_EXERCISE DIRECTIONS_.
Beginning with the line in which "岐阜新聞『気になるニュース・わたしの視点』宮田博之会長 執筆記事について" appears, transcribe each line word for word until the records end. Do not include pictures.
═══ RECORD EXTRACTS ═══
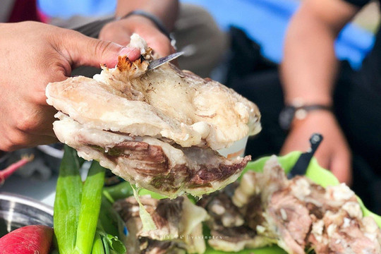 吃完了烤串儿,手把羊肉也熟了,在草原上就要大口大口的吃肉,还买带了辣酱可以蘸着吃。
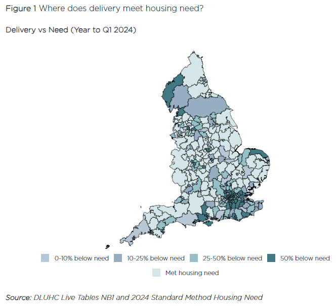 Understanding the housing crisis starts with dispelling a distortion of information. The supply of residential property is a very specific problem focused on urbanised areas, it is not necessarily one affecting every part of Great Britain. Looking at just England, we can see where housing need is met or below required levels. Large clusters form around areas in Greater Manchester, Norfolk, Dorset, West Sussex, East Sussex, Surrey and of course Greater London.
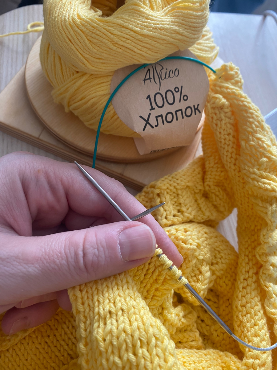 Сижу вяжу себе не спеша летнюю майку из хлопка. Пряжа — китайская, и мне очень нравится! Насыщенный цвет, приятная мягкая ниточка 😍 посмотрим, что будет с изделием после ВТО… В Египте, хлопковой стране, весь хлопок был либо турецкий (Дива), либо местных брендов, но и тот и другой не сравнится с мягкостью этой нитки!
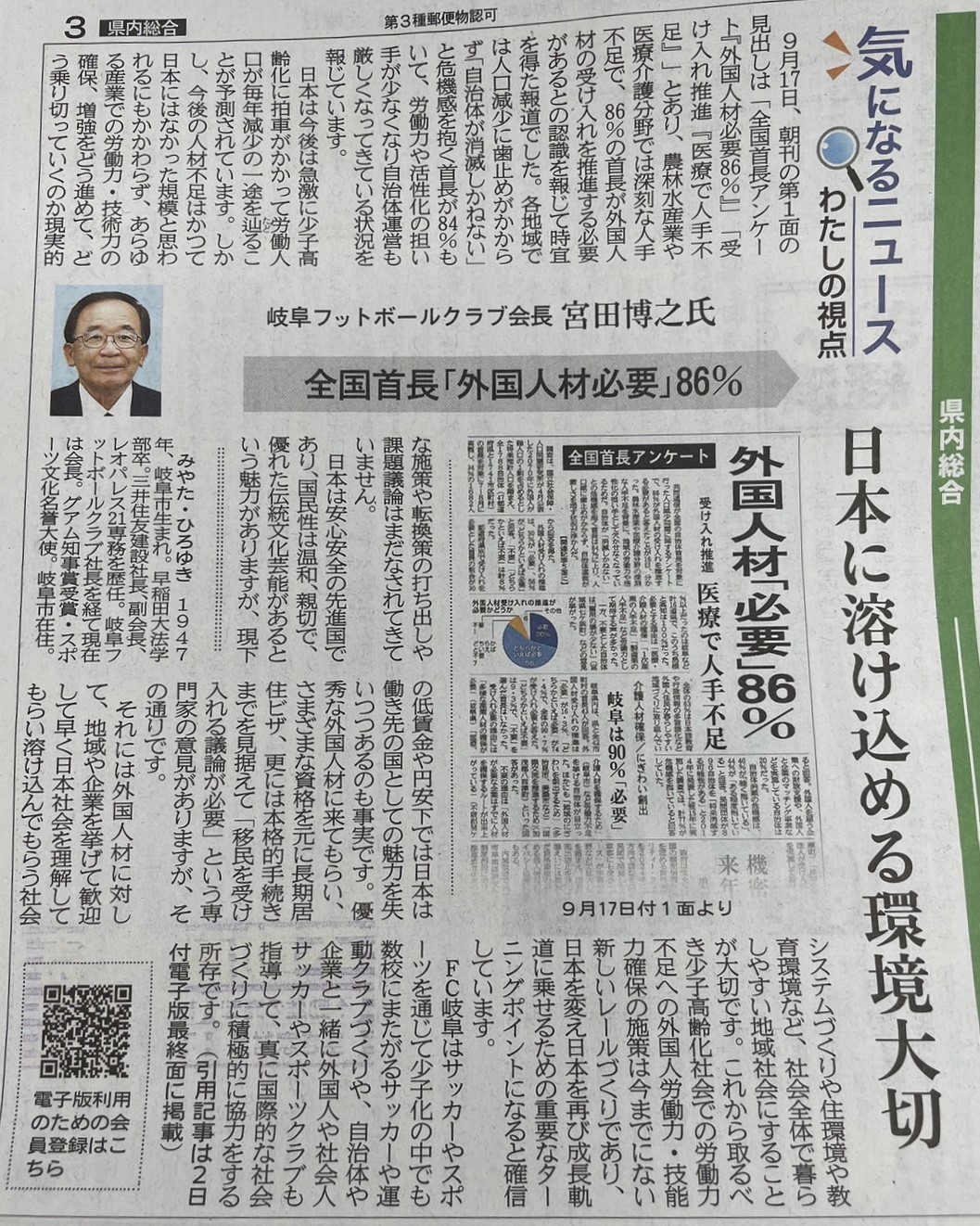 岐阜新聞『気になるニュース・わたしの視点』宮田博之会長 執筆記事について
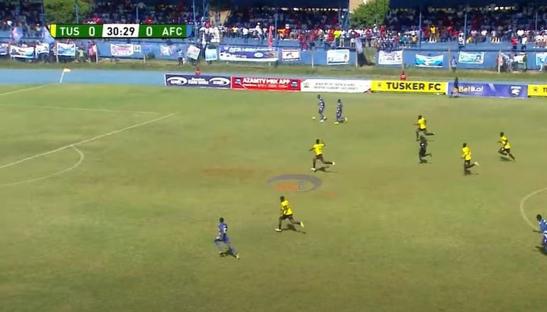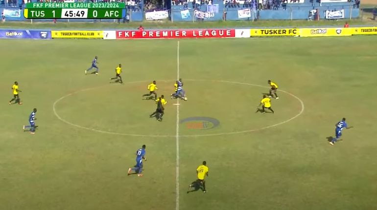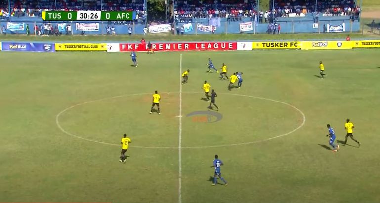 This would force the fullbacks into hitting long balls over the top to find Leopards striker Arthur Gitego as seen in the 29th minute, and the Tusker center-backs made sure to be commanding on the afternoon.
═══
_ANSWER TO THE PROBLEM_.
 岐阜新聞『気になるニュース・わたしの視点』宮田博之会長 執筆記事について
 This would force the fullbacks into hitting long balls over the top to find Leopards striker Arthur Gitego as seen in the 29th minute, and the Tusker center-backs made sure to be commanding on the afternoon.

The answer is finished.